• [DATASET RECORDS]:
▼
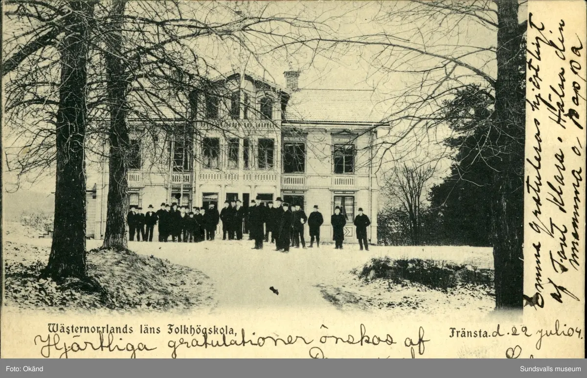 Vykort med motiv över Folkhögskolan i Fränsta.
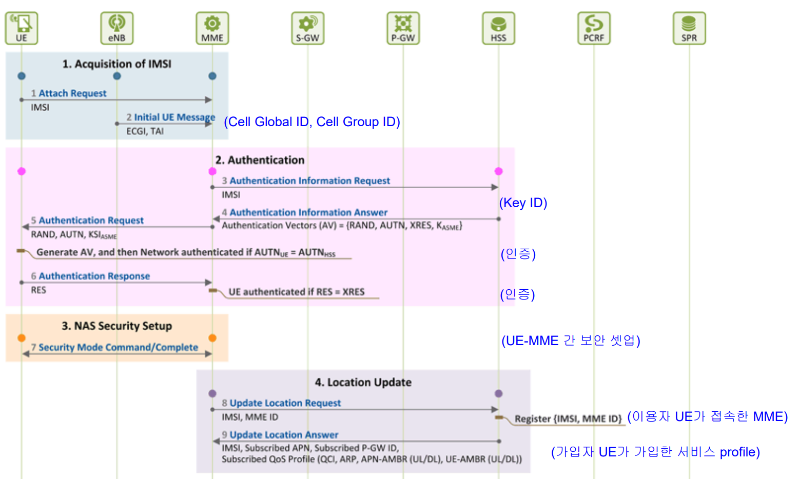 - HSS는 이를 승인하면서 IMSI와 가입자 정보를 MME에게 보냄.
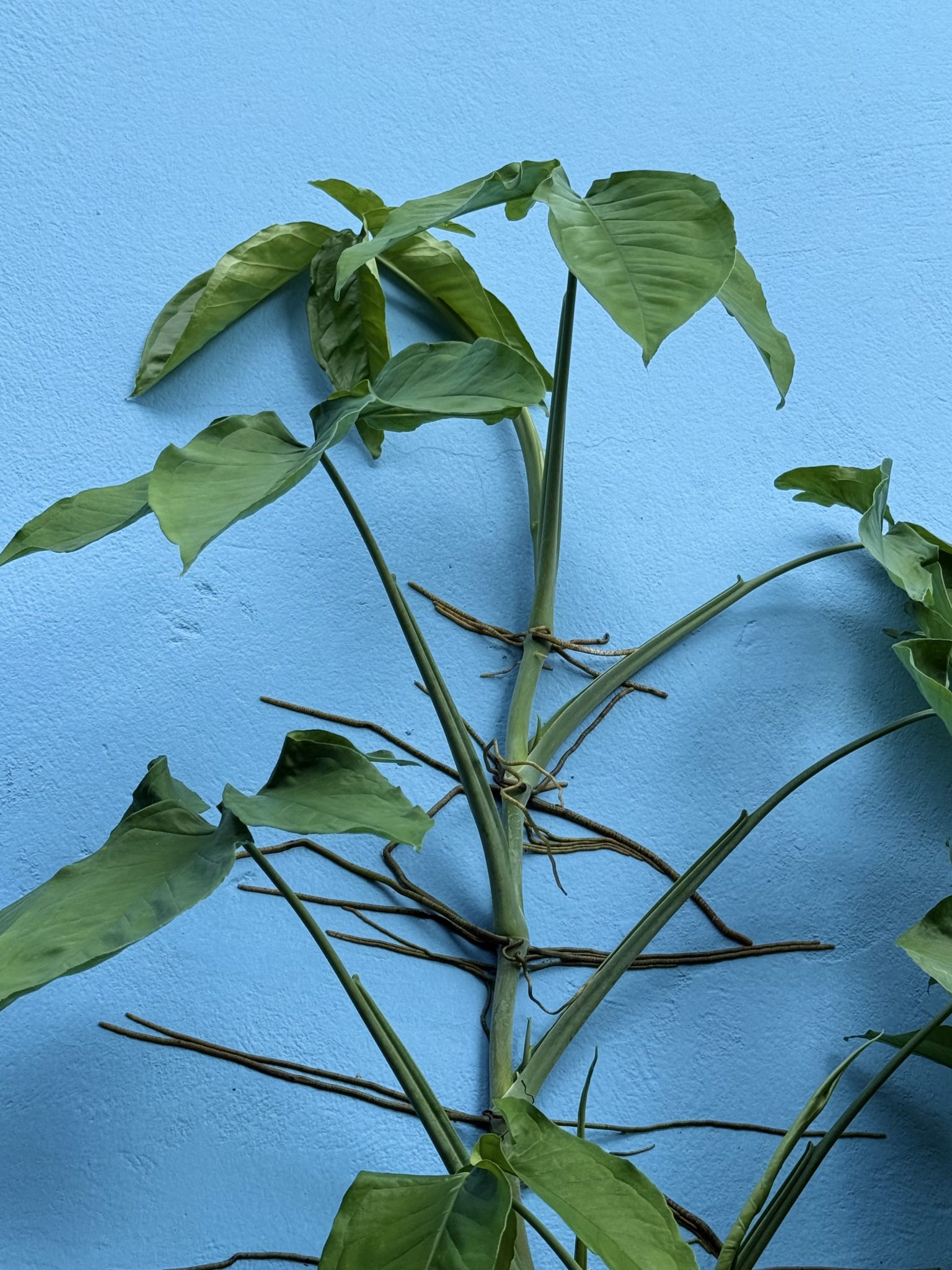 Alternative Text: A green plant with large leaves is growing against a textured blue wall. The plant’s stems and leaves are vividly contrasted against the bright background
▲
▼
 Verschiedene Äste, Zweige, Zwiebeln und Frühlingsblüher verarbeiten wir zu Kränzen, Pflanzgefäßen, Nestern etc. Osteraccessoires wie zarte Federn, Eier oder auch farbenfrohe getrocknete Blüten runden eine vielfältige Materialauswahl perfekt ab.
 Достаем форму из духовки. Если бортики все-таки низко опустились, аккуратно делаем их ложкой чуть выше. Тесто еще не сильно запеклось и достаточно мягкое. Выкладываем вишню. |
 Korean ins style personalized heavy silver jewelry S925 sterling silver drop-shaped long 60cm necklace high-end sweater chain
▲
• [TASK INSTRUCTIONS]: Leaving all pictures out, output exactly the lines of the material above from the line with "Vykort med motiv" to the line with "Alternative Text: A", both included.

• [RESULT OF THIS TASK]:
 Vykort med motiv över Folkhögskolan i Fränsta.
 - HSS는 이를 승인하면서 IMSI와 가입자 정보를 MME에게 보냄.
 Alternative Text: A green plant with large leaves is growing against a textured blue wall. The plant’s stems and leaves are vividly contrasted against the bright background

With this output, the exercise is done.